Location
- Green Lane Wixams Bedfordshire, MK42 6BA England 52°05′14″N 0°28′07″W﻿ / ﻿52.0873°N 0.4687°W

Information
- Type: Free school
- Established: 2017
- Local authority: Bedford Borough Council
- Trust: Knowledge Schools Trust
- Department for Education URN: 144595 Tables
- Ofsted: Reports
- Principal: Nathaniel Wilson
- Gender: Co-educational
- Age: 11 to 18
- Enrollment: 933
- Website: www.wixamsacademy.co.uk

= Wixams Academy =

Wixams Academy is a co-educational secondary school and sixth form located in Wixams in the English county of Bedfordshire.

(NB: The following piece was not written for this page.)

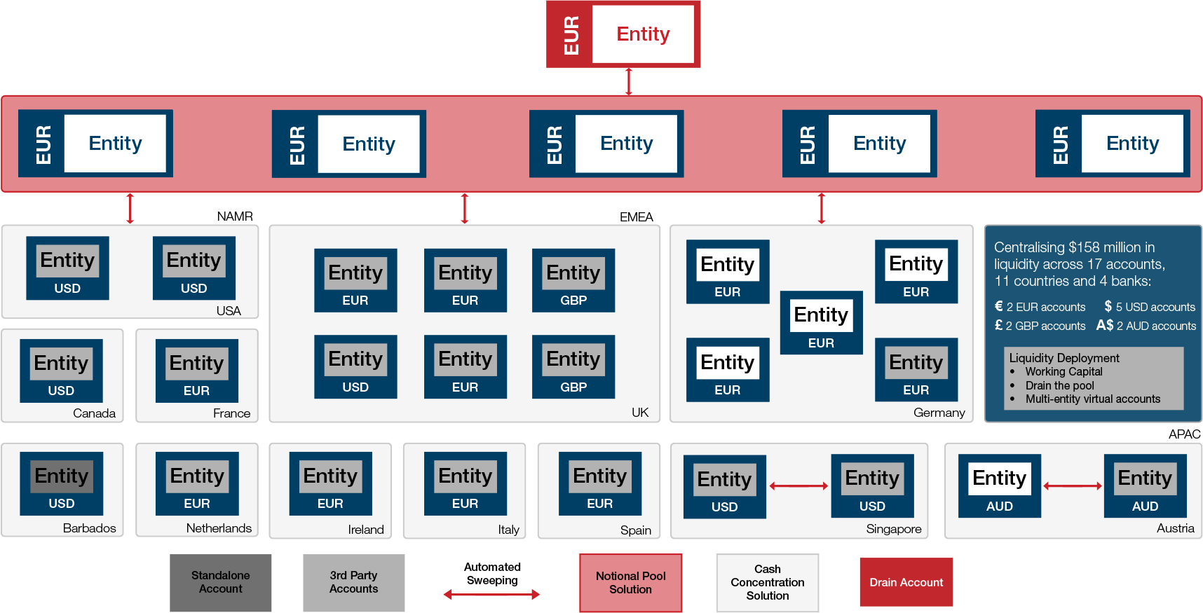 Gain visibility of their global liquidity position with minimal disruption to existing cash management.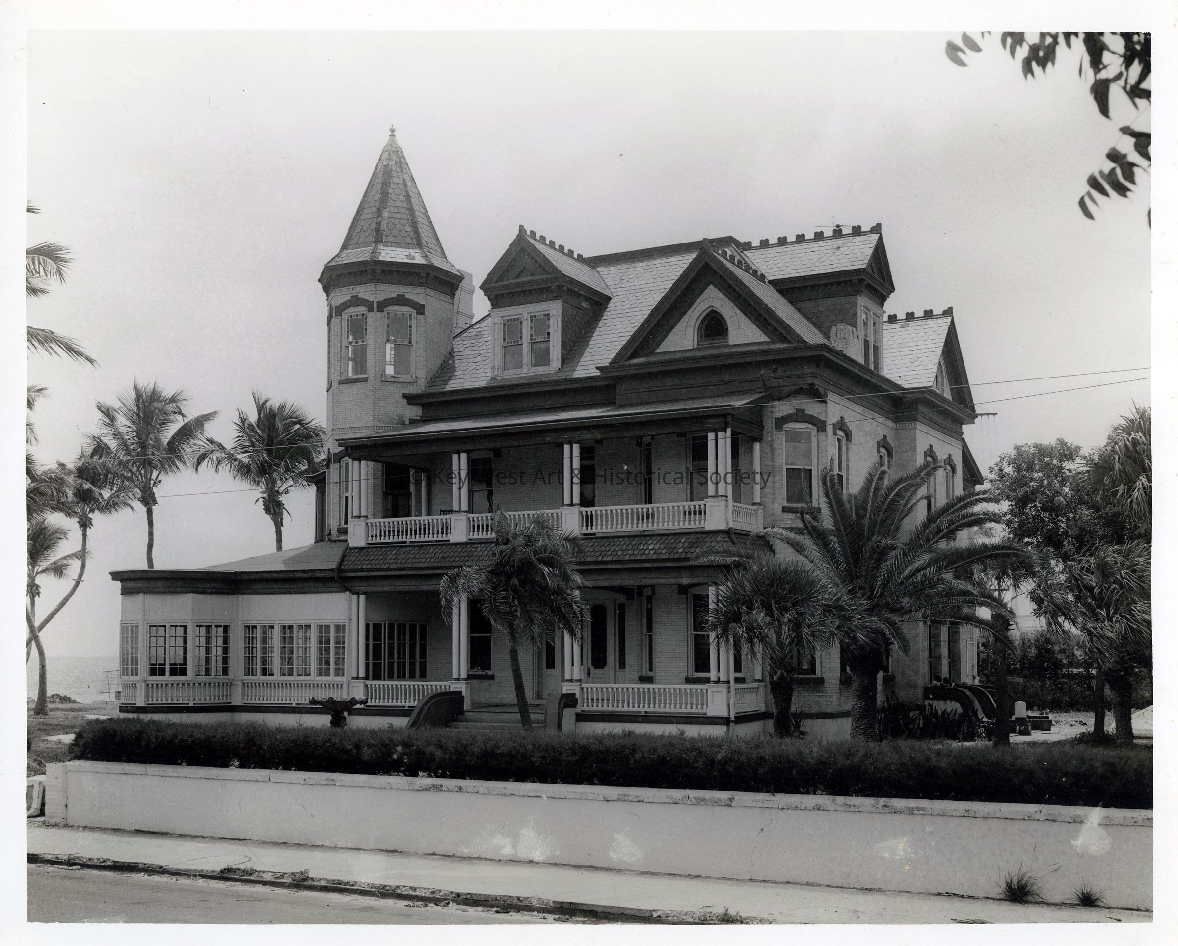 Black and white photograph of the Southernmost House located at 1400 Duval Street when it was owned by the Ramos family.

The school was constructed by Willmott Dixon and opened in 2017. It was opened by Bedford College Academies Trust which has subsequently merged with Knowledge Schools Trust in March 2024. It serves the new town development of Wixams as well as Wilstead and other nearby villages.

Wixams Academy offers GCSEs and BTECs as programmes of study for pupils. The school was due to launch a sixth form in 2022, however in April 2019 it was announced that the school was no longer planning to offer this provision. However the school then confirmed a sixth form would open as originally planned in September 2022.